Beyond malignancy: recognising testicular adrenal rest tumours

Main Article Content

J Hermann
E Rhode
WM du Plessis

Abstract

Background: Testicular adrenal rest tumours (TART) are sporadic testicular masses mainly occurring in individuals with congenital adrenal hyperplasia (CAH) due to stimulation by adrenocorticotropic hormone (ACTH).1,2 If not detected early, these masses can lead to testicular dysfunction and infertility.1,3 This report presents two cases of TARTs, one in a child and another in an adult, highlighting differences in clinical presentation, diagnostic challenges, and management approaches.
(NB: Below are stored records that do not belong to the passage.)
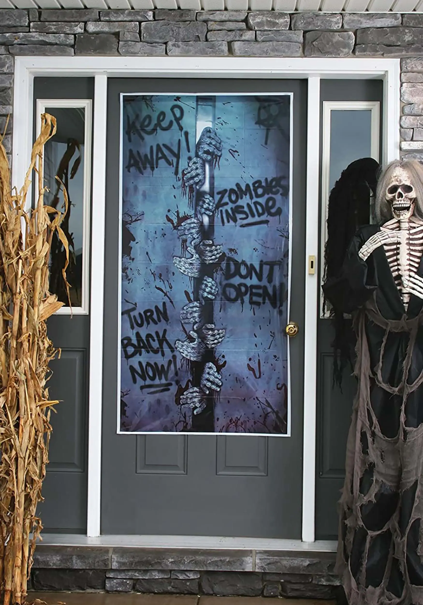 This Zombies Inside Door Cover features our new communication key in vivid style! Just place it on your door to let everyone know that some gruesome zombies are awaiting your guests… or just place it on your door to get some peace and quiet from the rest of the world! Everyone will think that the ghouls have already made it inside. It truly is a versatile decoration!
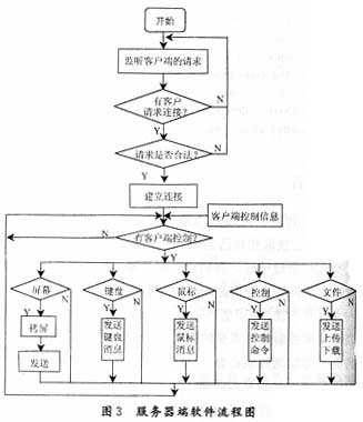 可以让客户端用户实时监控服务器端计算机的运行状态。客户端以一定频率向服务器发送请求,服务器响应客户端请求将自己的屏幕拷贝下来并将这些信息发送给客户端,客户端接收到这些信息之后以图形的形式显示出来,为鼠标和键盘控制提供图形化接口。
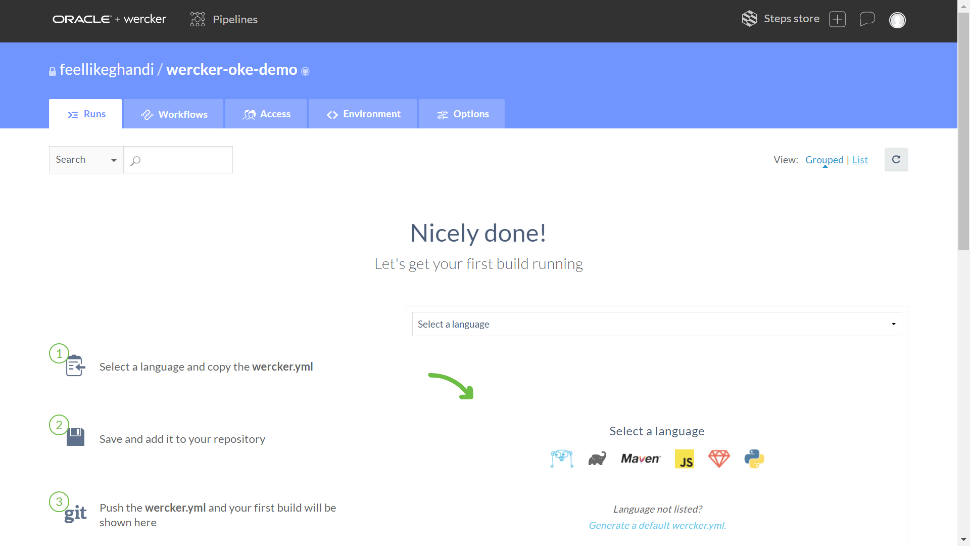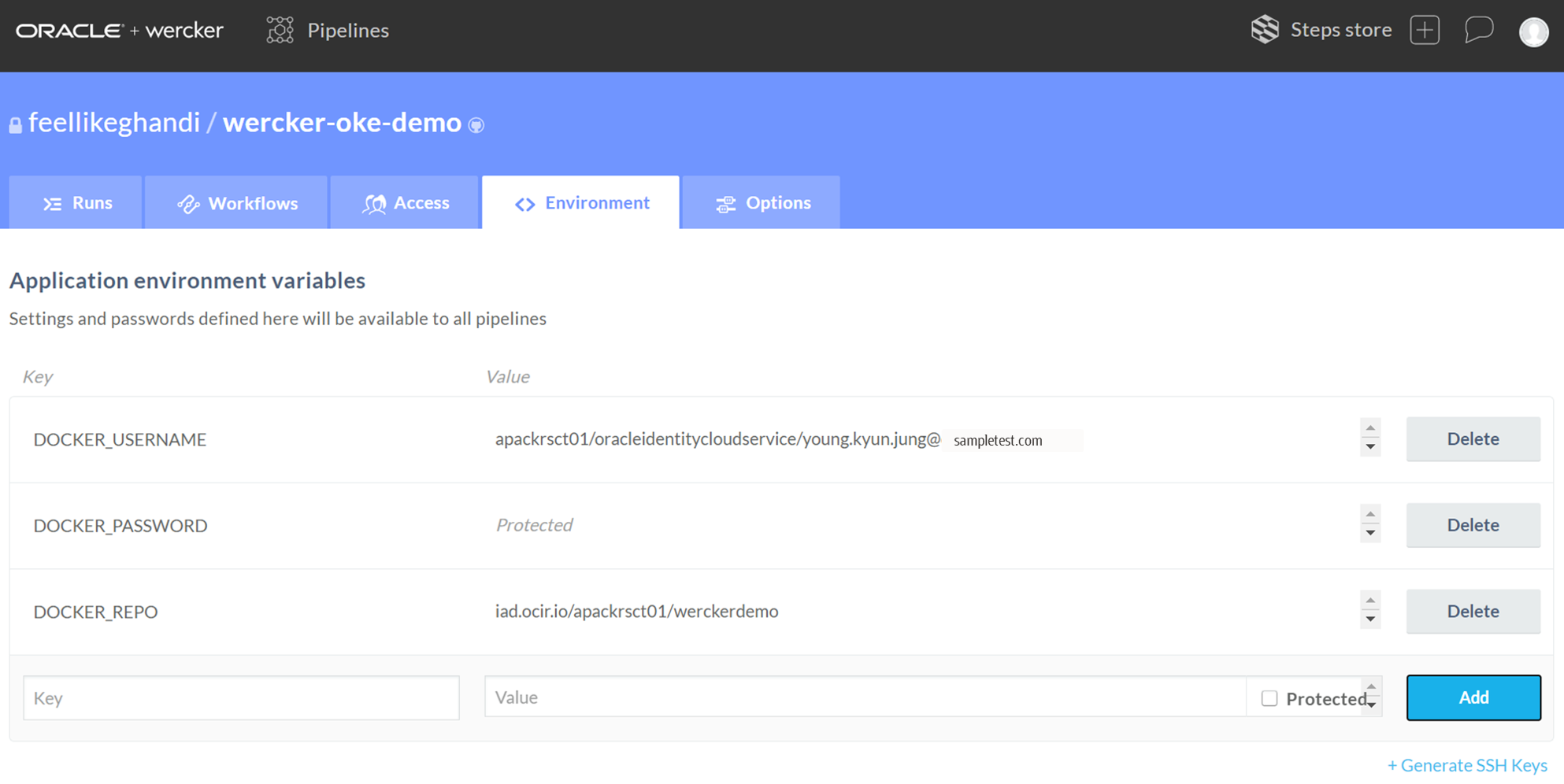 DOCKER_REPO는 <region-code>.ocir.io/<tenancy name>/<registry name>을 입력한다. registry name은 OCI 레지스트리에 업로드될 레포지토리명이다. 여기서는 “werckerdemo”라고 입력했다.
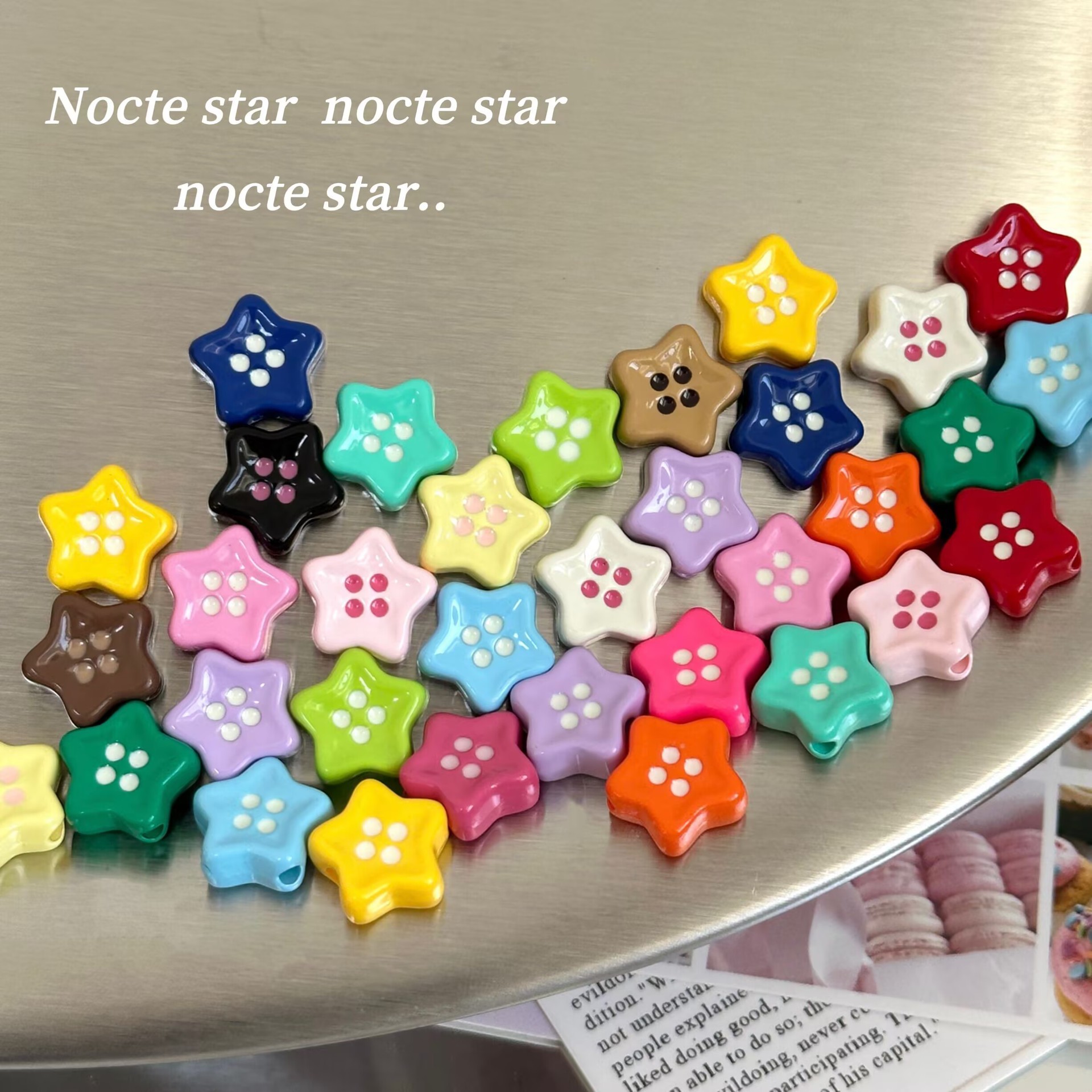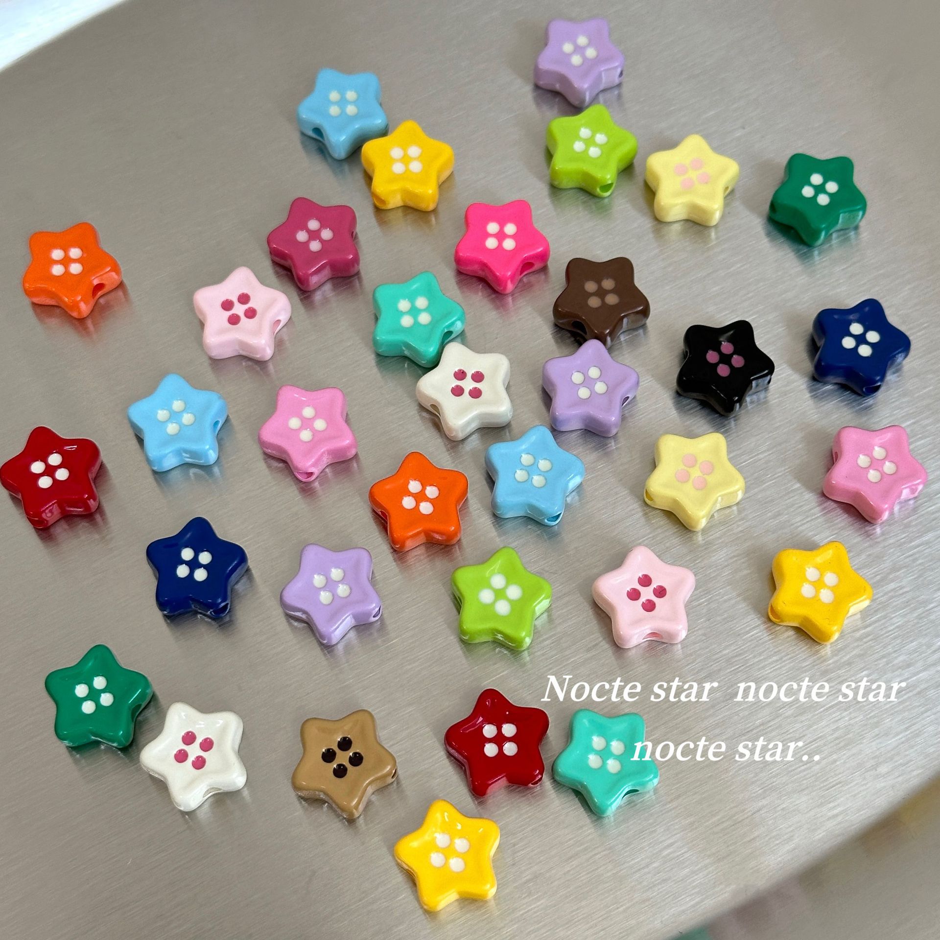 ペイントスターボタン穴あきビーズドットオイル五芒星アクリル diy 携帯電話チェーンベビー服ジュエリーアクセサリー

Methods: Both cases with established CAH presented with testicular masses, which were diagnosed through a combination of clinical evaluation, hormonal profiling, and testicular ultrasound. Management focused on optimisation of glucocorticoid therapy and regular follow-up to monitor tumour progression and prevent unnecessary surgical procedures.


Results: In both cases, TARTs were confirmed. The paediatric patient had an early-stage TART with preserved testicular function, whereas the adult patient exhibited impaired testicular function with elevated ACTH levels. Following improvement in glucocorticoid therapy, the paediatric patient showed a decrease in tumour size, while the adult patient showed a stable tumour size with no further decline in testicular function. Surgical intervention was not required for either patient, emphasising the significance of early diagnosis and management in preventing long-term complications.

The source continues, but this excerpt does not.